- _Task statement_: Retype the opening lines of the listing below, ending with the line that contains "我们可以明显地看到CBC模式", and leave out any pictures.

- _Collected data_:
# # #
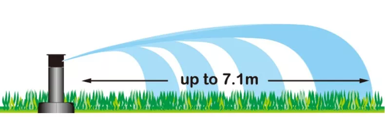 Teste irrigatrici rotanti con una portata massima di spruzzo di 7,1 metri.
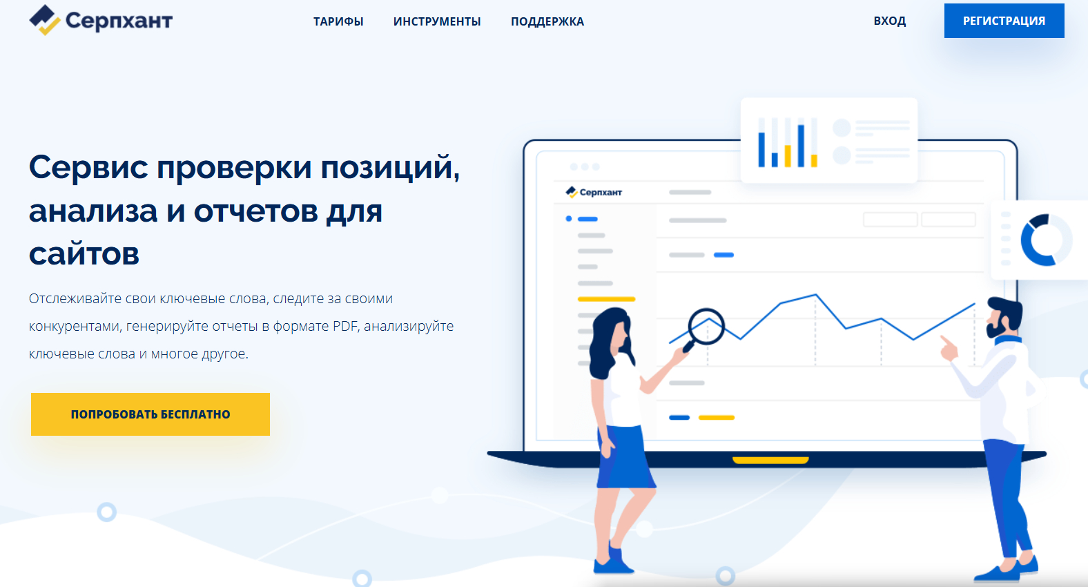 Серпхант берет на себя рутинные задачи по мониторингу сайтов и помогает лучше понимать, что происходит с видимостью проекта в поиске. Он отслеживает динамику по ключевым запросам и анализирует поведение трафика.
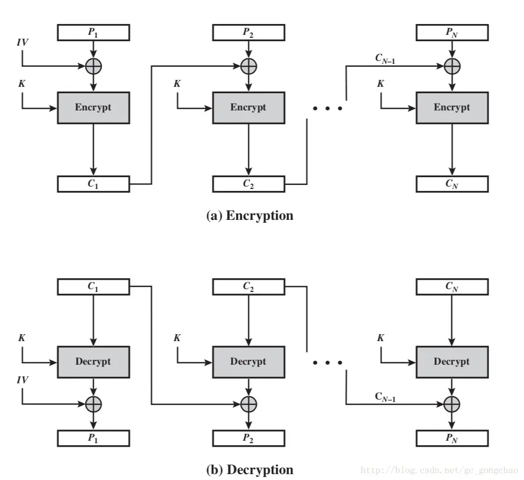 我们可以明显地看到CBC模式的原理图要比ECB模式的复杂一点,而且相关“公式“也不一样,关键之处在于算法输入之前多了一步异或处理。加密时明文分组要与前一个分组的密文进行异或,然后再进行本分组的加密,解密时将解密算法的输出结果与前一个密文分组异或得到该分组的明文。很明显该工作模式不能并发的加密与解密,因为当前组依赖于前一分组。
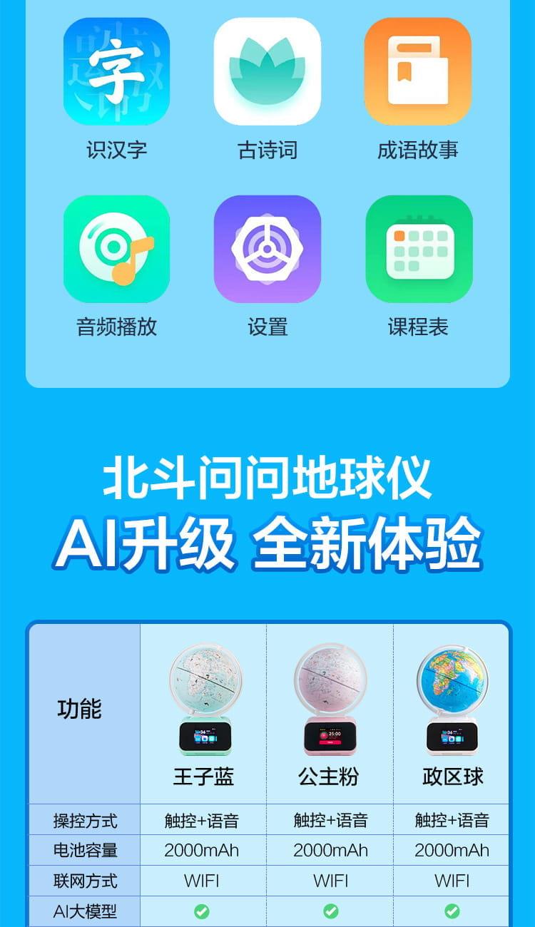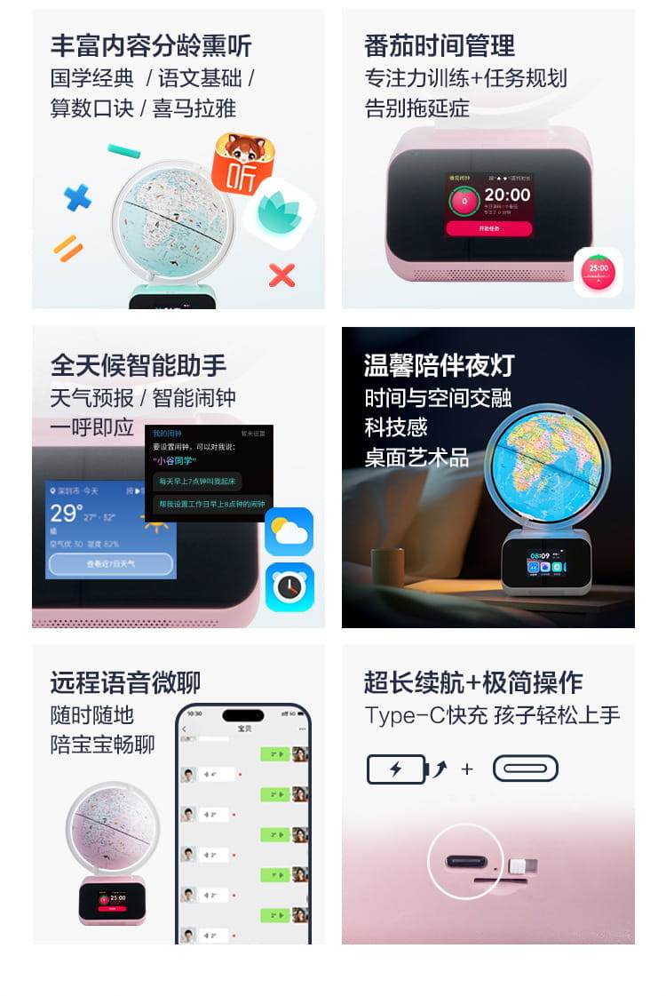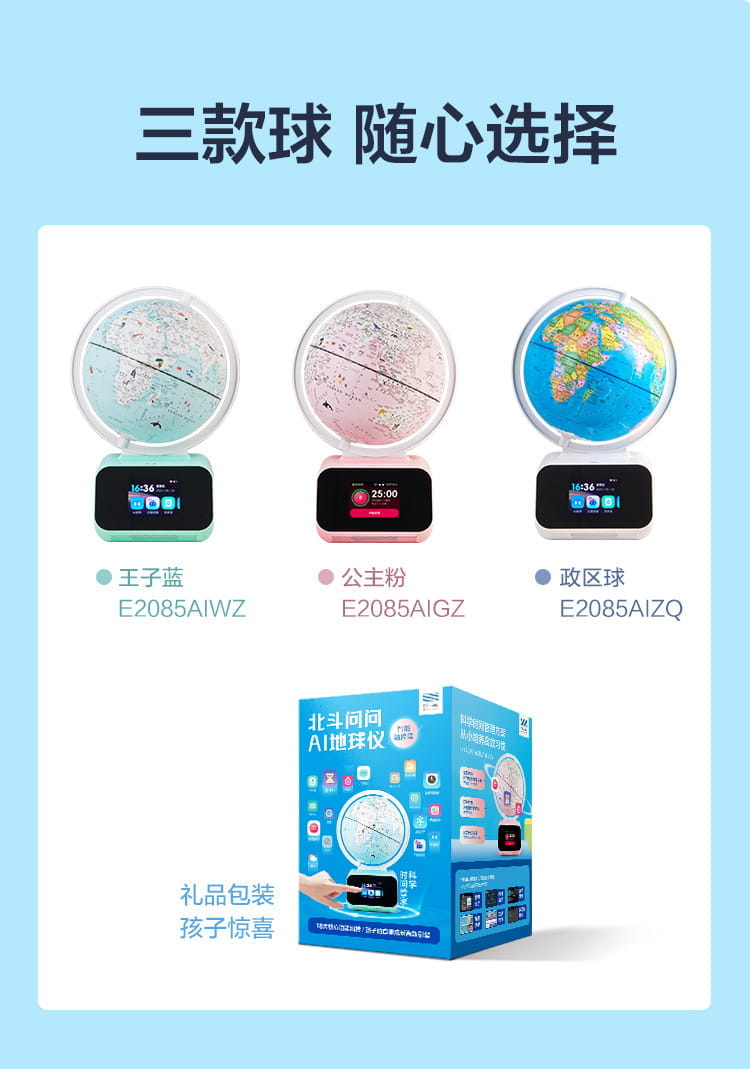 北斗问问智能闹钟AI大模型地球仪E2085系列智能时间管理器
# # #
- _Problem solution_:
 Teste irrigatrici rotanti con una portata massima di spruzzo di 7,1 metri.
 Серпхант берет на себя рутинные задачи по мониторингу сайтов и помогает лучше понимать, что происходит с видимостью проекта в поиске. Он отслеживает динамику по ключевым запросам и анализирует поведение трафика.
 我们可以明显地看到CBC模式的原理图要比ECB模式的复杂一点,而且相关“公式“也不一样,关键之处在于算法输入之前多了一步异或处理。加密时明文分组要与前一个分组的密文进行异或,然后再进行本分组的加密,解密时将解密算法的输出结果与前一个密文分组异或得到该分组的明文。很明显该工作模式不能并发的加密与解密,因为当前组依赖于前一分组。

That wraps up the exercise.